**What to do**
Begin at the line containing "A Secretaria de" in the records below, end at the line containing "PINGENTE NO BRUTO", and retype each line in that span exactly. No other line and no image should appear.

==== Provided information ====

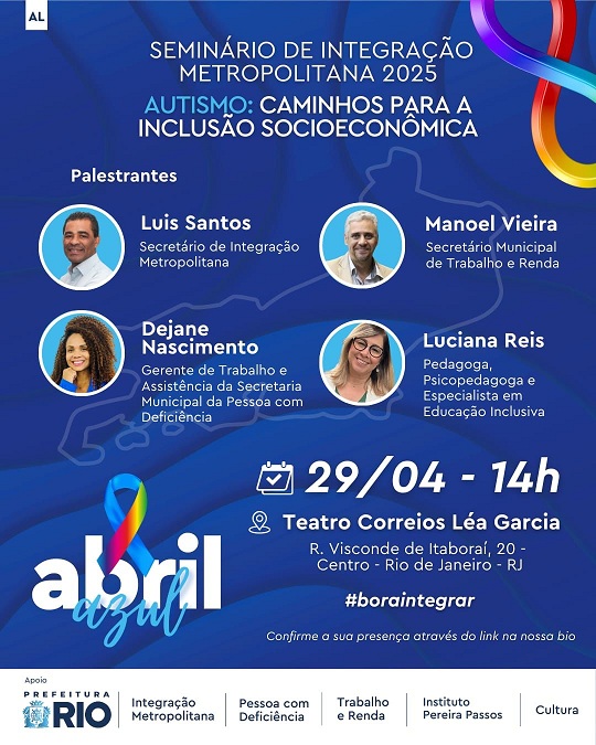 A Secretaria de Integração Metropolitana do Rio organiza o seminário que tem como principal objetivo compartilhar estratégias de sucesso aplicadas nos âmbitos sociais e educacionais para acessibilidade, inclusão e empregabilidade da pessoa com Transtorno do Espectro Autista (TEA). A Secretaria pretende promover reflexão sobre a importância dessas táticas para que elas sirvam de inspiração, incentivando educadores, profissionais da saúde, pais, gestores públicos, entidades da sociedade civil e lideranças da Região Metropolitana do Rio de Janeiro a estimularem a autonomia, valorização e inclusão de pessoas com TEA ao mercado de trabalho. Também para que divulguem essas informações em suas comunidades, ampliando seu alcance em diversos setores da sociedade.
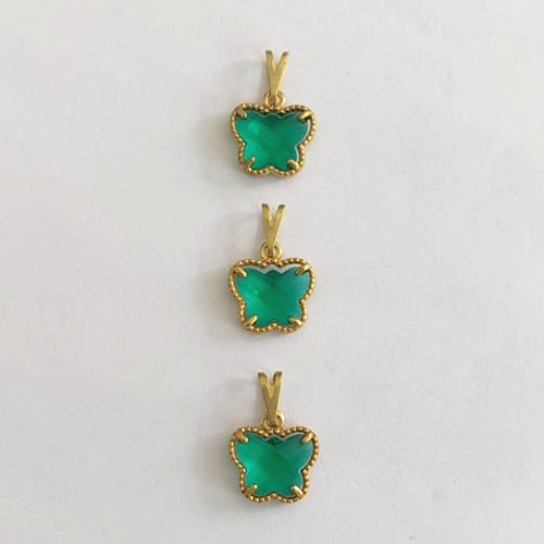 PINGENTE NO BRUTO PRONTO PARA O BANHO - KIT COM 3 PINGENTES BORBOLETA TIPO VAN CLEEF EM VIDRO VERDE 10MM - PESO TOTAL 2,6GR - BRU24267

====
==== Provided information ====

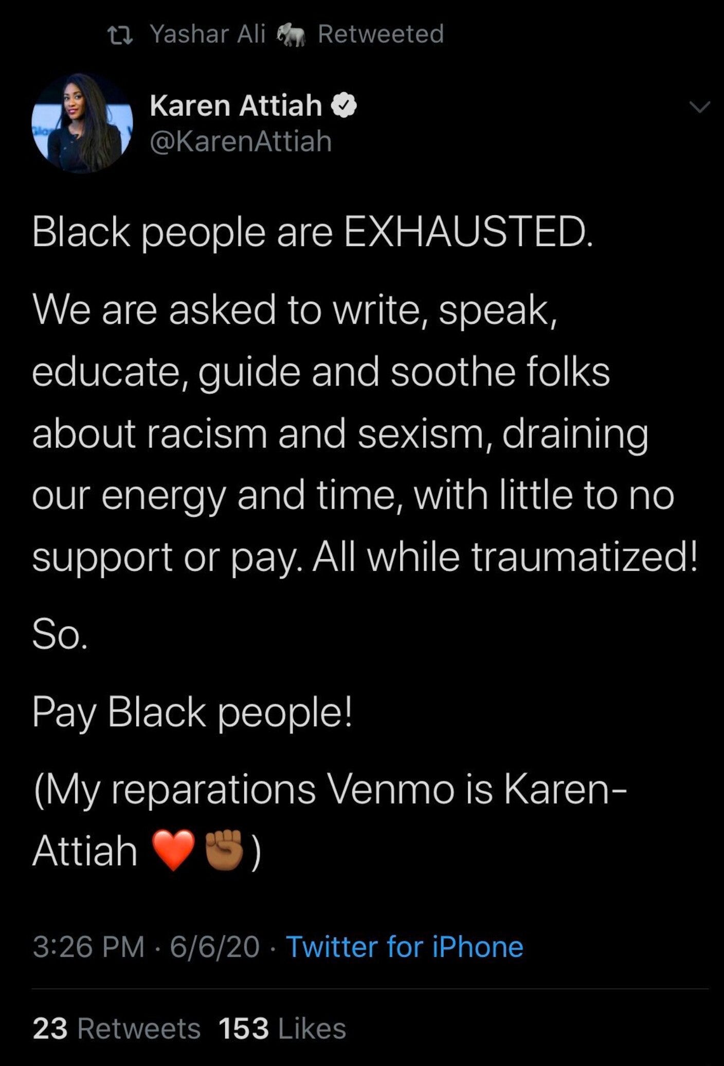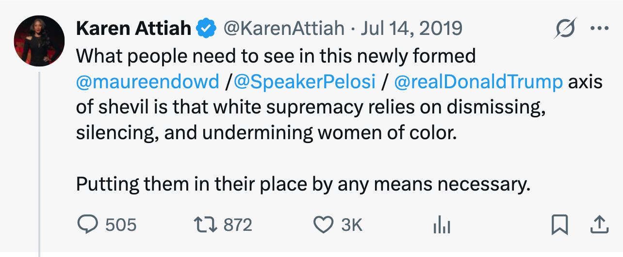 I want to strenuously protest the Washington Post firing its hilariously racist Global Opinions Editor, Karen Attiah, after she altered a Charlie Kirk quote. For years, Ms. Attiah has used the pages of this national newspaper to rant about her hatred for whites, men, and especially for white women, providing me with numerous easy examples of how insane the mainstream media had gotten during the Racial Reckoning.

====

**Output of the exercise**
 A Secretaria de Integração Metropolitana do Rio organiza o seminário que tem como principal objetivo compartilhar estratégias de sucesso aplicadas nos âmbitos sociais e educacionais para acessibilidade, inclusão e empregabilidade da pessoa com Transtorno do Espectro Autista (TEA). A Secretaria pretende promover reflexão sobre a importância dessas táticas para que elas sirvam de inspiração, incentivando educadores, profissionais da saúde, pais, gestores públicos, entidades da sociedade civil e lideranças da Região Metropolitana do Rio de Janeiro a estimularem a autonomia, valorização e inclusão de pessoas com TEA ao mercado de trabalho. Também para que divulguem essas informações em suas comunidades, ampliando seu alcance em diversos setores da sociedade.
 PINGENTE NO BRUTO PRONTO PARA O BANHO - KIT COM 3 PINGENTES BORBOLETA TIPO VAN CLEEF EM VIDRO VERDE 10MM - PESO TOTAL 2,6GR - BRU24267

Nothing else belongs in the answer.